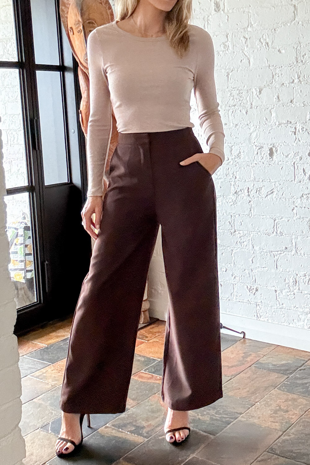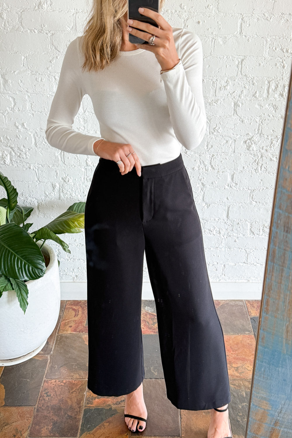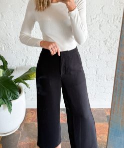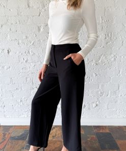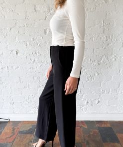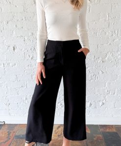 A really nice, simple, classic pant – perfect for work, really good smart casual attire. They fit wonderfully on the hips, the length is good – they’re a little shorter, kind of on the ankle, and they look and feel really good. Faux pockets on the back, they are a mid-rise, and you’ll love wearing them.
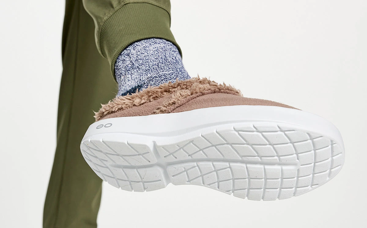 The OOcoozie provides the perfect blend of cushion and stability for both indoor lounging and quick errands out. Now in a mule style with an easy, no fuss, slip-on design for your on-the-go lifestyle. The upper is constructed with a warm vegan sherpa material that is both recyclable and machine washable. Like all OOFOS products, it has our unique one-of-a-kind OOfoam™ technology that absorbs impact, so your body doesn’t have to. Active recovery with the soft, cozy warmth you desire in a versatile hygge style.
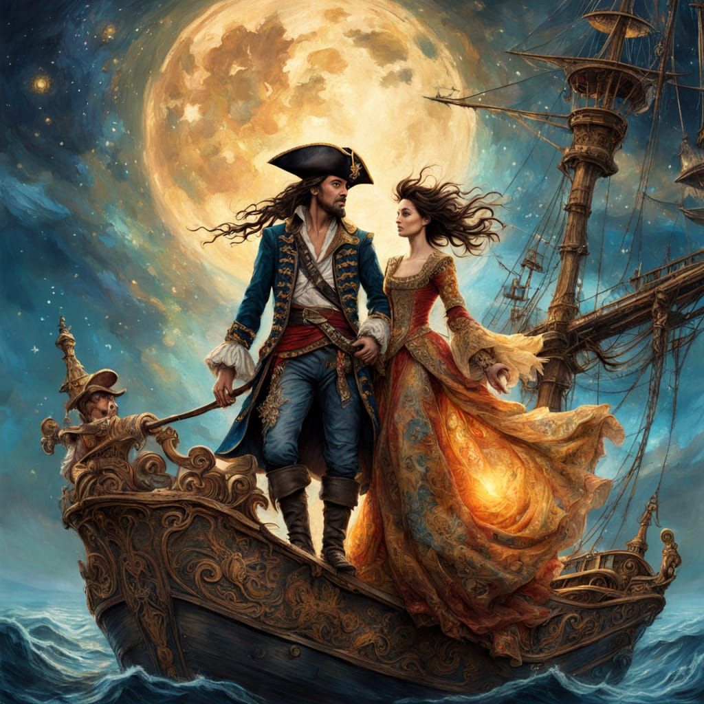 A striking picture of a pirate king and queen on a ship's deck. The artwork is in a baroque fantasy style, with golden light and dramatic shadows, showcasing intricate textures and ornate embroidery.
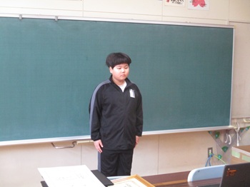 1月27日(火)今朝の全校朝会は表彰でした。最初は学校目標です。今日から5年生の計画委員会のみなさんが進行してくれます。
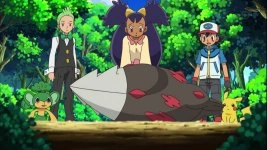 - This is the first episode where Iris's Axew is seen using moves in battle.
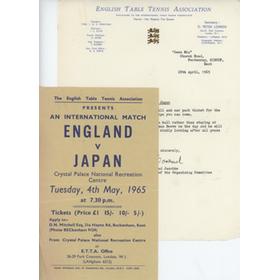 Original handbill advertising the table tennis match between England and Japan, held at Crystal Palace on May 4th, 1965. Comes with a signed letter from Conrad Jaschke, Chairman of the Organising Committee,

********************

* _TASK DIRECTIONS_: Transcribe exactly, and only, the lines from the line with "- This is the" through the last line of the records, inclusive; the pictures do not belong in the copy.

* _YOUR SOLUTION_:
 - This is the first episode where Iris's Axew is seen using moves in battle.
 Original handbill advertising the table tennis match between England and Japan, held at Crystal Palace on May 4th, 1965. Comes with a signed letter from Conrad Jaschke, Chairman of the Organising Committee,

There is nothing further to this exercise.